Your goal: In the material below, find the line containing "Mandalgarh (21 km)" and output it and all lines after it exactly, through the last one, without the pictures.

Data:

>>>>>

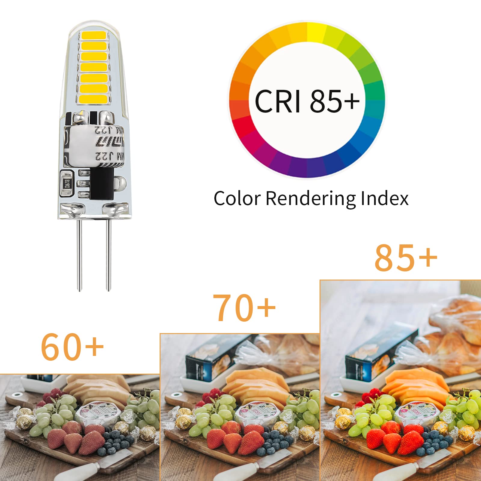 Angle d'éclairage : 360°. Culot : G4 - Flux lumineux : 130-150 lm - Tension : AC/DC 12 V - Angle de faisceau : 360 degrés. Applications]: G4 12V LED 2W est idale pour hotte aspirante, hotte cuisine, meuble cuisine, meuble de salle de bain, salon, camping-car, caravane, armoire, bateau, cabine, hall d'entre, terrasse, etc. C'est un choix idal pour les lustres de salon et de chambre Cette lampe a une agréable lumière blanc froid (6000-6400 K), émet un pastel lumineux et une lumière agréable. Plus la lumière vive et la lumière du jour., 6., Faisceau large. Dimensions : 9,6 x 35,5 mm Température de couleur : blanc froid (6000-6400 K). Couleur : 10 LED G4 blanc froid. Angle de faisceau de 360 degrés, LED octaédrique, aspect exquis, protection en silicone transparent, uniformité des couleurs de la lumière. Caractéristiques : Culot : G4., Matériau : aluminium Tension : 12 V CA/CC., Puissance : 2 W. Imperméabilisation nécessaire pour une utilisation en extérieur. Fiable et support client : fabriqué à partir de silicone pour la dissipation de la chaleur. Sans UV et sans mercure. Couvert par une garantie de 1 an pour la fiabilité Fabrication de qualité, conforme aux normes CE et RoHS, pas de mercure, pas d'émissions UV. Ampoule G4 12v 20w Lot De 10 Ampoules LED G4 à Culot à Deux Broches, Encapsulation En Sil Ampoule Led 12v Sans rayonnement thermique UV ou infrarouge. Caractéristiques du produit : 1., Économisez plus de 90 % sur la facture d'électricité., 2., Installation facile : peut être facilement installé pour remplacer les ampoules halogènes G4 ordinaires., 3., Durée de vie extrêmement longue : faible coût de maintenance grâce à la réduction de la fréquence des ampoules de rechange., 4., Flash complet : le temps de démarrage est inférieur à 0,5 s, pas besoin d'attendre que la lampe se réchauffe., 5., Température de couleur standard, IRC élevé. Si vous n'avez pas reçu de message, veuillez vérifier le spam. Résiste aux chocs et aux vibrations., 9., Émissions sûres. Lot de 10 ampoules LED G4 à culot à deux broches, encapsulation en silicone, 12 V, 2,5 W, 1508 LED COB, IRC > 80, 230-250 lumens, AC/DC 10-20 V, équivalent 25 W, LED halogène de remplacement
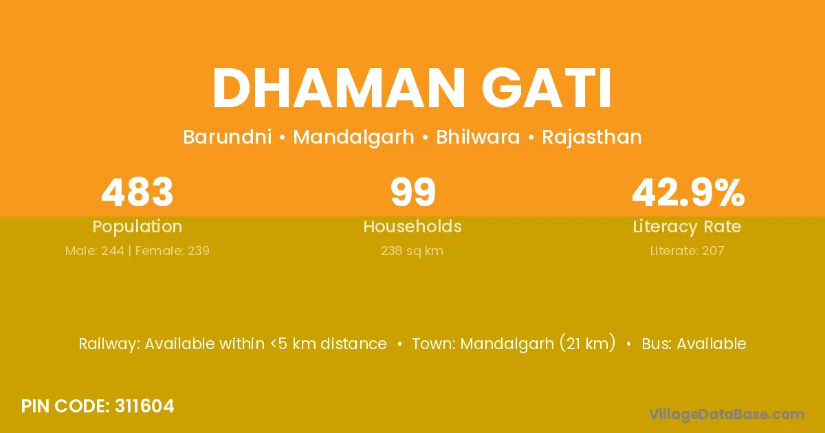 Mandalgarh (21 km) is the nearest town to Dhaman Gati village for major economic activities and is located approximately 21 km away.
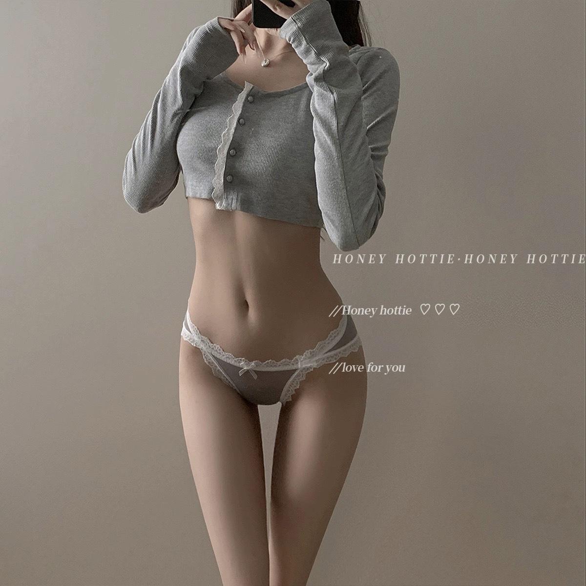 Ropa interior francesa Pure Girl, sexy, de malla con borde de encaje, transpirable, con lazo y cintura baja.
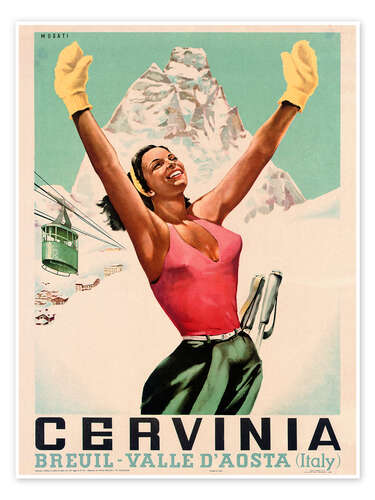 Traga a majestade dos Alpes italianos para o seu ambiente com o poster “Cervinia – Vale d’Aosta”. Este poster retrata uma mulher em primeiro plano, admirando a paisagem, com o bondinho que leva turistas ao cume da montanha ao fundo. Ao longe, o imponente pico nevado de Cervinia domina a cena, simbolizando a grandiosidade das paisagens alpinas e a temporada de esqui na região. Perfeito para quem deseja capturar a tranquilidade e a beleza do norte da Itália.

<<<<<

Answer space:
 Mandalgarh (21 km) is the nearest town to Dhaman Gati village for major economic activities and is located approximately 21 km away.
 Ropa interior francesa Pure Girl, sexy, de malla con borde de encaje, transpirable, con lazo y cintura baja.
 Traga a majestade dos Alpes italianos para o seu ambiente com o poster “Cervinia – Vale d’Aosta”. Este poster retrata uma mulher em primeiro plano, admirando a paisagem, com o bondinho que leva turistas ao cume da montanha ao fundo. Ao longe, o imponente pico nevado de Cervinia domina a cena, simbolizando a grandiosidade das paisagens alpinas e a temporada de esqui na região. Perfeito para quem deseja capturar a tranquilidade e a beleza do norte da Itália.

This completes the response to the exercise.